Task item
All of the records below are to be printed exactly; the pictures are to be left out.

Source information

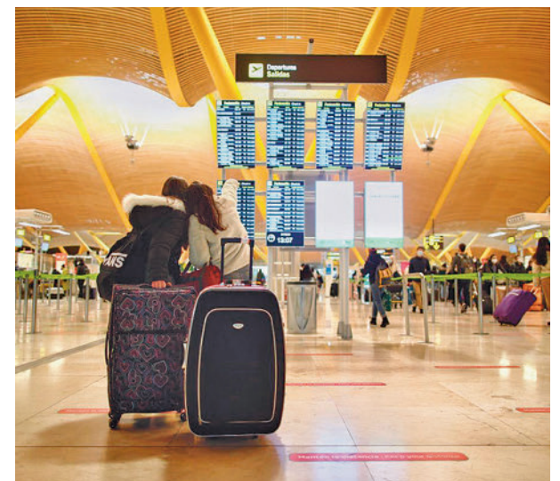
Tener un viaje no exime de acudir a la mesa

Lo que no libra de acudir a la mesa automáticamente es tener un viaje o una reserva hotelera en las fechas elegidas. En ese caso (así como en los anteriores supuestos) habrá que acudir a la Junta Electoral en los siete días siguientes a la recepción de la notificación y presentar la documentación y los responsables determinarán si se exime o no.
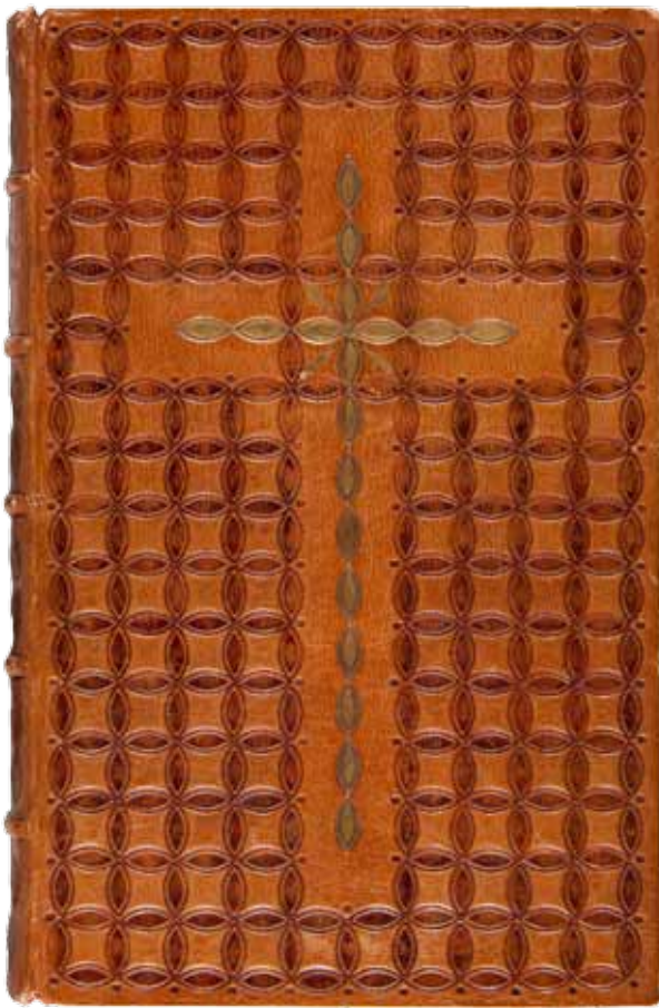
1. Oprawa modlitewnika wykonana na kursie dla introligatorów w Muzeum Techniczno-Przemysłowym w Krakowie w 1911 roku: Klementyna Hoffmanowa, Książka do nabożeństwa dla Polek [...], nr inw. MNK IV-MO-258; fot. Pracownia Fotograficzna MNK

1. The cover of the prayer book made at the bookbinding course at the Museum of Technology and Industry in Kraków in 1911: Klementyna Hoffmanowa, Książka do nabożeństwa dla Polek [...] { A Prayer Book for Polish Women ...}, inv.no. MNK IV-MO-258; phot. The Photographic Laboratory of the National Museum in Kraków
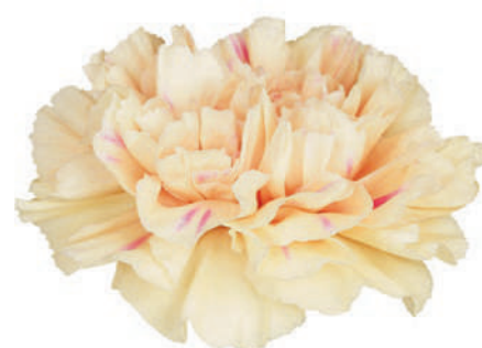
18590 | Apple Tea ✂️+++ ✨✓✓
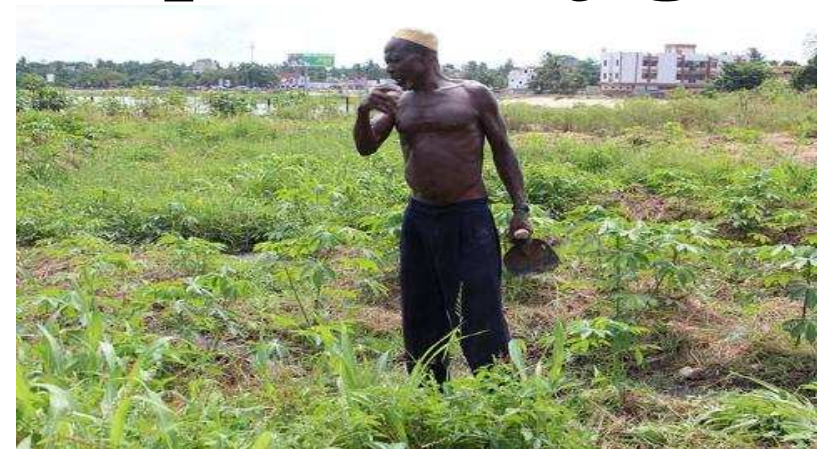
Un agriculteur dans son champs dans la plaine de Djagblé

dans la zone, elle sera à terme complètement désenclavée à travers la construction d'infrastructures.
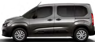
SIVÁ PLATINUM (M)
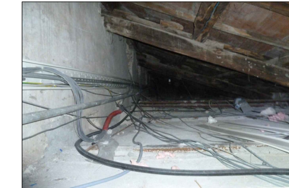
9 - SOTTOTETTO CORRIDOIO
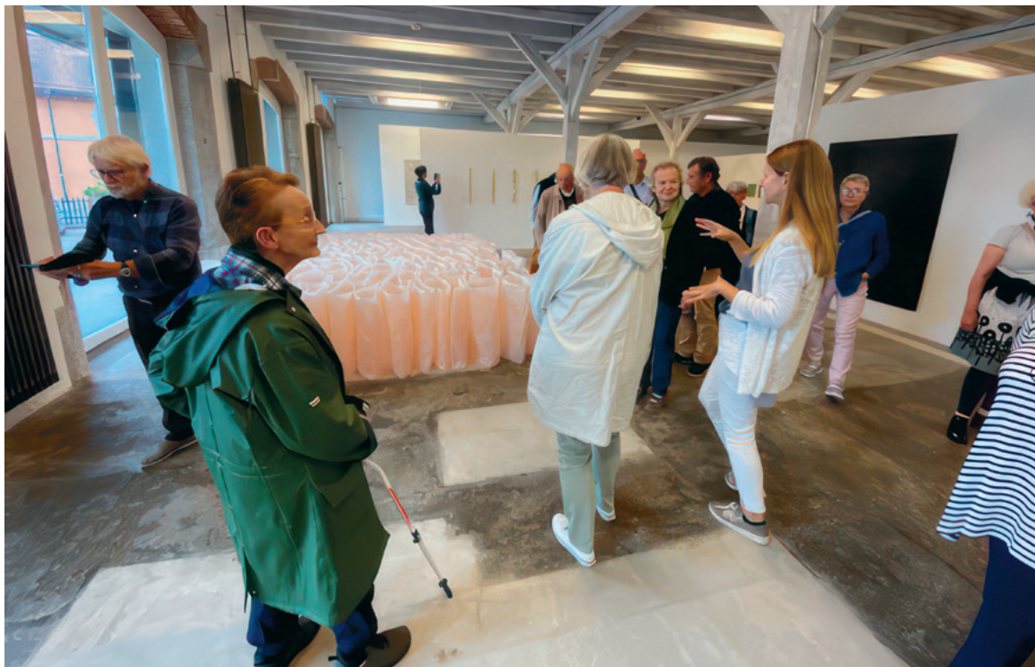
Tagesausflug zur Schweizer Gegenwartskunst, Glarus und Rapperswil-Jona im August.
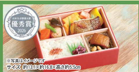
※写真はイメージです サイズ 約13.1×約16.8×高さ約5.5cm
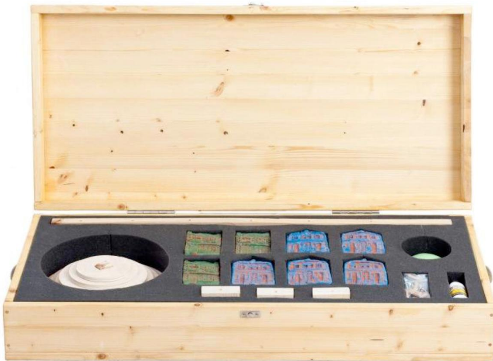
Figura 3. Caja con las piezas para montar la escultura “Cabanyal 1641” Construye tu propio edificio puntero con un barrio histórico!

De manera simbólica construimos una escultura con las casas expropiadas presentadas en cubos de cerámica en dos colores. Representaba la forma tradicional de las casas en este barrio. La idea residía en la proclama Construye tu propio edificio puntero con un barrio histórico! en referencia al plan de derribo de este barrio vigente en el momento para ser reconstruido en una forma de arquitectura in vitro . Para ello nos basamos en el edificio 30st Mary Axe de Londres del arquitecto Norman Foster. Planteamos un juego con estas instrucciones de montaje para darle un nuevo enfoque y visibilizar y hacer reflexionar sobre esta problemática. Reconstruir cada vez una escultura por parte del espectador o espectadora donde conformaríamos un edificio característico de estos centros neoliberales hecho con casas de un barrio popular tradicional.

Task response
Tener un viaje no exime de acudir a la mesa

Lo que no libra de acudir a la mesa automáticamente es tener un viaje o una reserva hotelera en las fechas elegidas. En ese caso (así como en los anteriores supuestos) habrá que acudir a la Junta Electoral en los siete días siguientes a la recepción de la notificación y presentar la documentación y los responsables determinarán si se exime o no.
1. Oprawa modlitewnika wykonana na kursie dla introligatorów w Muzeum Techniczno-Przemysłowym w Krakowie w 1911 roku: Klementyna Hoffmanowa, Książka do nabożeństwa dla Polek [...], nr inw. MNK IV-MO-258; fot. Pracownia Fotograficzna MNK

1. The cover of the prayer book made at the bookbinding course at the Museum of Technology and Industry in Kraków in 1911: Klementyna Hoffmanowa, Książka do nabożeństwa dla Polek [...] { A Prayer Book for Polish Women ...}, inv.no. MNK IV-MO-258; phot. The Photographic Laboratory of the National Museum in Kraków
18590 | Apple Tea ✂️+++ ✨✓✓
Un agriculteur dans son champs dans la plaine de Djagblé

dans la zone, elle sera à terme complètement désenclavée à travers la construction d'infrastructures.
SIVÁ PLATINUM (M)
9 - SOTTOTETTO CORRIDOIO
Tagesausflug zur Schweizer Gegenwartskunst, Glarus und Rapperswil-Jona im August.
※写真はイメージです サイズ 約13.1×約16.8×高さ約5.5cm
Figura 3. Caja con las piezas para montar la escultura “Cabanyal 1641” Construye tu propio edificio puntero con un barrio histórico!

De manera simbólica construimos una escultura con las casas expropiadas presentadas en cubos de cerámica en dos colores. Representaba la forma tradicional de las casas en este barrio. La idea residía en la proclama Construye tu propio edificio puntero con un barrio histórico! en referencia al plan de derribo de este barrio vigente en el momento para ser reconstruido en una forma de arquitectura in vitro . Para ello nos basamos en el edificio 30st Mary Axe de Londres del arquitecto Norman Foster. Planteamos un juego con estas instrucciones de montaje para darle un nuevo enfoque y visibilizar y hacer reflexionar sobre esta problemática. Reconstruir cada vez una escultura por parte del espectador o espectadora donde conformaríamos un edificio característico de estos centros neoliberales hecho con casas de un barrio popular tradicional.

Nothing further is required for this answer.